The dawn was breaking now, and a score of bugles were musically sounding the reveille in the camps round about. Agatha rose quickly, and without summoning her weary maid, plunged her face into a basin of cold water half a dozen times. Then seeing in her little mirror how hollow-eyed and haggard she was, she wetted a towel and flagellated herself with it till the colour came back and her nerves lost their tremulousness.

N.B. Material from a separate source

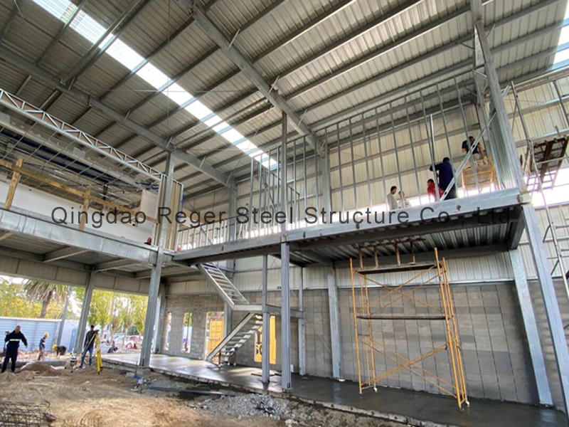 Тип каркаса складского здания представляет собой односкатную портальную рамную конструкцию с мезонином, а мезонинная часть используется как офисное помещение. Весь стальной каркас склада прошел горячую оцинковку, что обеспечивает его прочность и долговечность. Кроме того, крыши и стеновые панели изготовлены из цельных стальных листов с цветным покрытием, что обеспечивает эстетическую привлекательность и функциональность.

So great a transformation did this treatment work, that Stuart complimented her upon her freshness of face when she appeared at the breakfast-table. He had meanwhile secured for her definite information as to the Federal command that had made Pegram prisoner. He had also managed in some way to secure a side-saddle for her to ride upon, and a squad of cavalrymen, under command of a sergeant, was waiting outside to be her escort on her journey.
"Thank you, General, for giving me so good a mount," she said, glancing with a practised eye at the lean but powerful animal provided for her use.
"You should have a better one, if a better were to be had. You deserve it. By the way, you need not send the horse back by the escort. He will not be needed here, for a time at least."
Agatha looked at him, and then at the animal again, this time recognising it as the one that Baillie Pegram had ridden by her side twenty-four hours before.
"He belongs to Captain Pegram, I believe," she answered.
"Yes, his second horse, and he is specially careful of him."
"I'll see that the animal is well cared for," answered the girl, "until – "
She did not finish the sentence, and Stuart turned away, pretending not to see the tears that stood beneath her eyelids.